We believe that it could be of interest to explore the biologic setting of tumoral cells in SN metastases, especially the expression of molecules with a proved role in tissue invasion, embolization, and metastatic spread. Our aim was to establish relationships between protein expression in these elements and their metastatic potential.
Recent acquirements in cancer research have highlighted the role of membrane proteins with function of intercellular adhesion, contact, and signaling in neoplastic progression.
E-cadherin is a 120 kDa transmembrane glycoprotein encoded by CDH-1 gene (16q22.1), having the function of a Ca++ dependent adhesion receptor with an important role in cell recognition and migration signals. The extracellular domain of E-cadherins mediates the extracellular migration with omophylic interaction of omotypic (same tissue cells) or heterotypic (different tissue cells) kind. The cytoplasmic domain of the protein is connected to cytoskeleton proteins (actins and others) through linkage with catenins [7], [22], [30].
ThE-cadherin–catenin complex is constituted by E-cadherins and β-catenins, and interacts with proteins essential in carcinogenetic pathways, such as APC [29] and α-catenins, stabilizing the attachment between these two proteins.
The E-cadherin–catenin chain may loose its function in tumoral cells owing to the alteration of relative genes, posttranscriptional modifications, or the alteration of the functional status in the presence of a normal protein.

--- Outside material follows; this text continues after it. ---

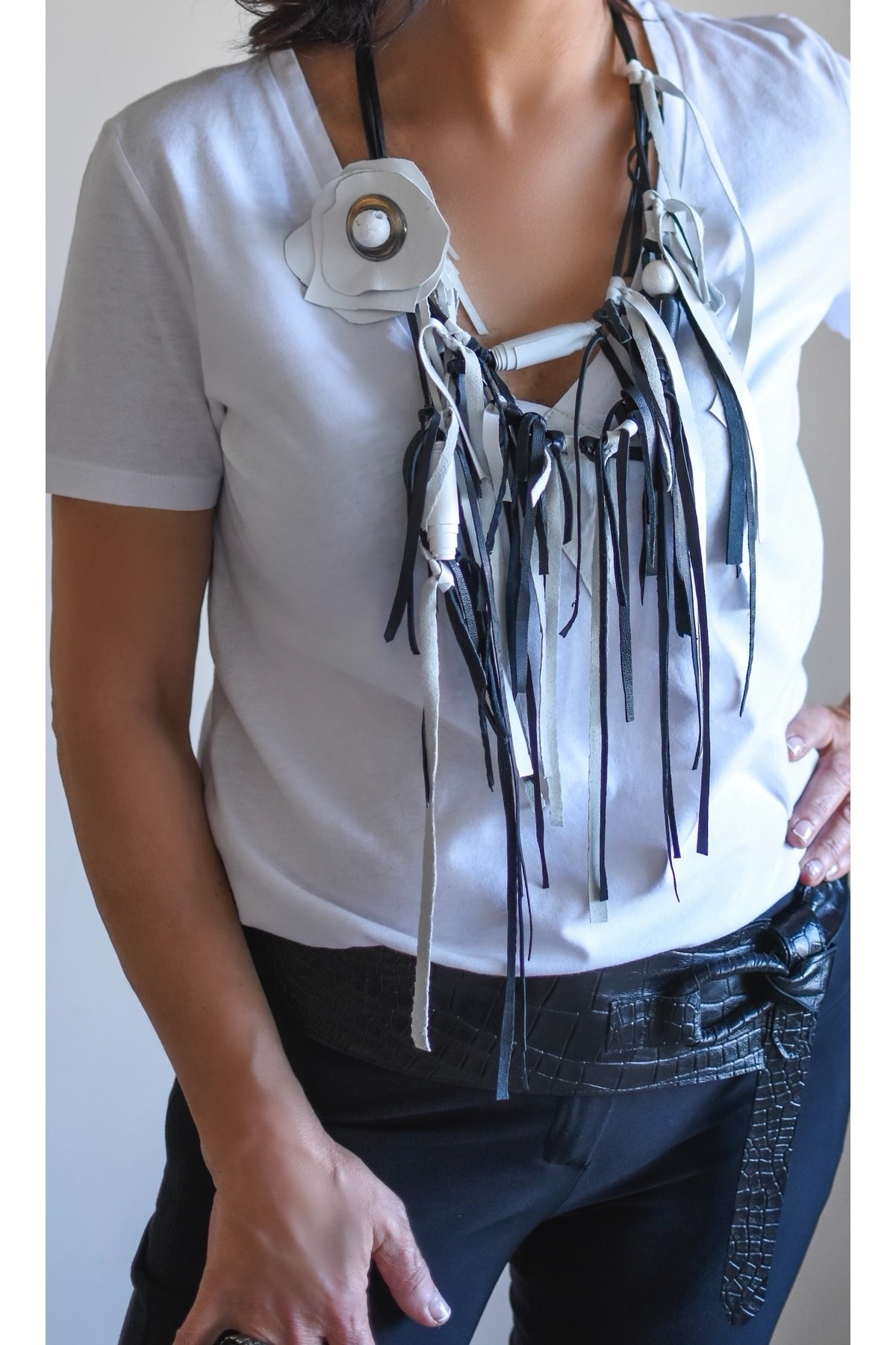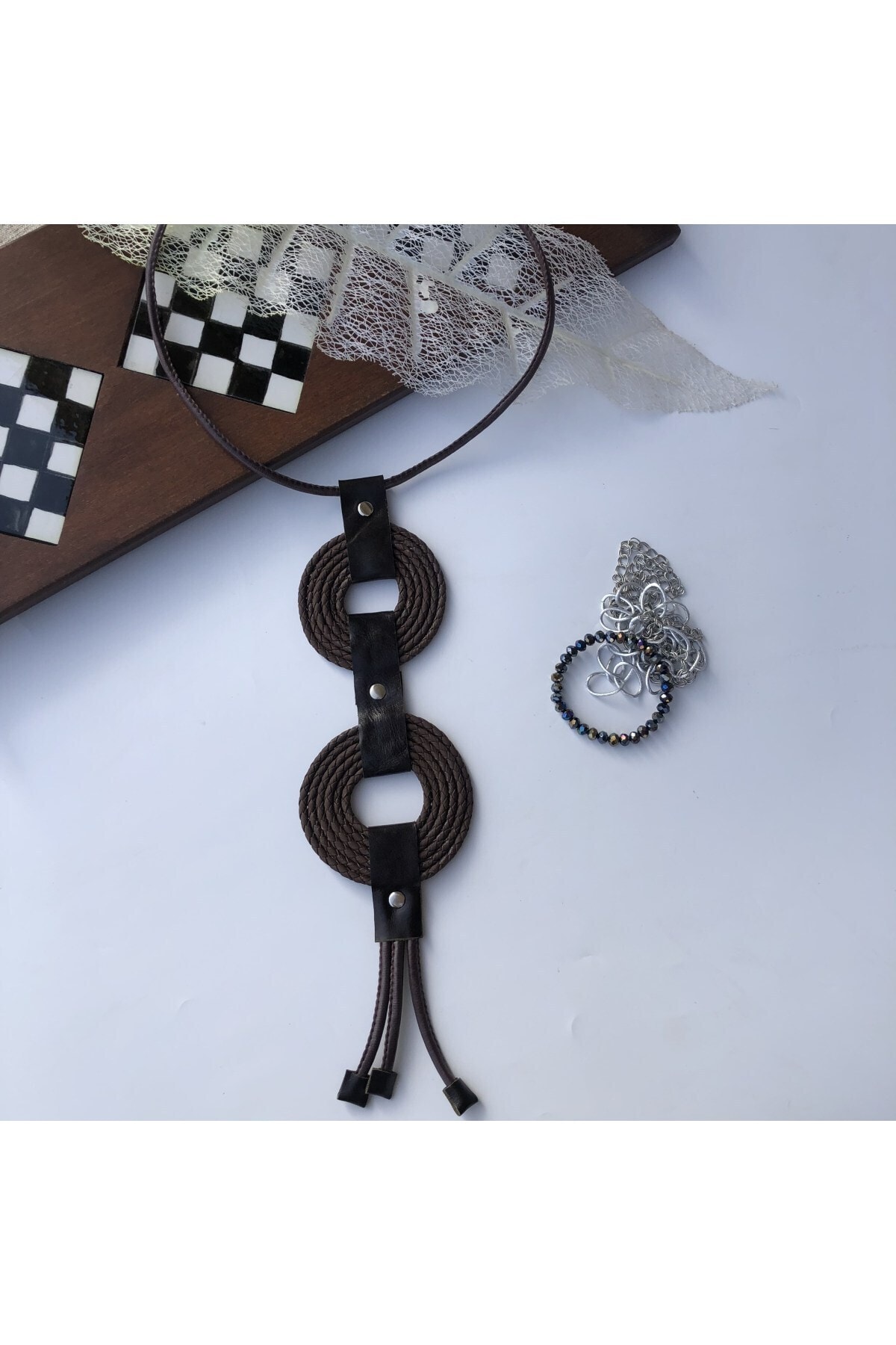Sallantılı Turuncu Deri Kolye Sallantılı Turuncu Deri Kolye SK20180 تک سایز

Such an event leads to changes in tumoral tissue morphology, with acquisition of an infiltrative pattern and modification in metastatic potential [28], [36].
The role of E-cadherin–catenins complex in breast carcinomas has been widely studied over the recent years [11], [25]. An analysis of the E-cadherin gene status in breast carcinoma showed that lack of protein in tumoral cell membrane may be related to different damages, mainly LOH [23]. Decreased expression of E-cadherin has been described in in situ and infiltrating carcinomas: this phenomenon has been related to high-grade histology and lobular histotype [6], [17], [23], [27]. A recent study identifies a subtype of lobular in situ carcinoma with membrane expression of E-cadherin, with higher risk of subsequent carcinoma [10].
The relation between the absence of E-cadherin expression and the lobular morphology in breast carcinomas is so close that E-cadherin has been proposed as a diagnostic marker of lobular pattern in mixed tumors or tumors with ambiguous histology [1].
The aim of the present study was to evaluate E-cadherin–catenin expression in SN metastatic tissue, and with regard to this, we postulated the hypothesis that the loss of this complex could distinguish a subset of metastases with a more aggressive behavior and a higher risk of metastatic spread of NSNs.
Section snippets
Materials and methods
Sixty patients with metastatic SN were considered in this study, obtained from 320 SN lymphadenectomies performed in our center from March 2000 to September 2002. We selected 26 cases in which the sectioning standard protocol was not performed, as metastases were evident on frozen sections or at macroscopy, and for which at least three new histologic sections were available for IHC stainings. In all cases, subsequent axillary dissection was performed: 13 of them had metastatic NSN nodes, and 13
Results
The distribution of the components of the receptorial structure was evaluated in neoplastic cells of SN metastases. Coordinate membrane staining for E-cadherins and α- and β-catenins was considered a sign of an appropriate localization of these proteins and, therefore, of a normal functional state of the complex. Moreover, only focal or diffuse distribution of membrane staining was regarded as significant in determining tumor behavior. Data on membrane distribution of the three proteins are
Discussion
The role of the E-cadherin–catenin complex in the evolution of the neoplastic process is widely recognized, but the significance of the complex deficiency as a predictive factor in metastatic spread is still debated.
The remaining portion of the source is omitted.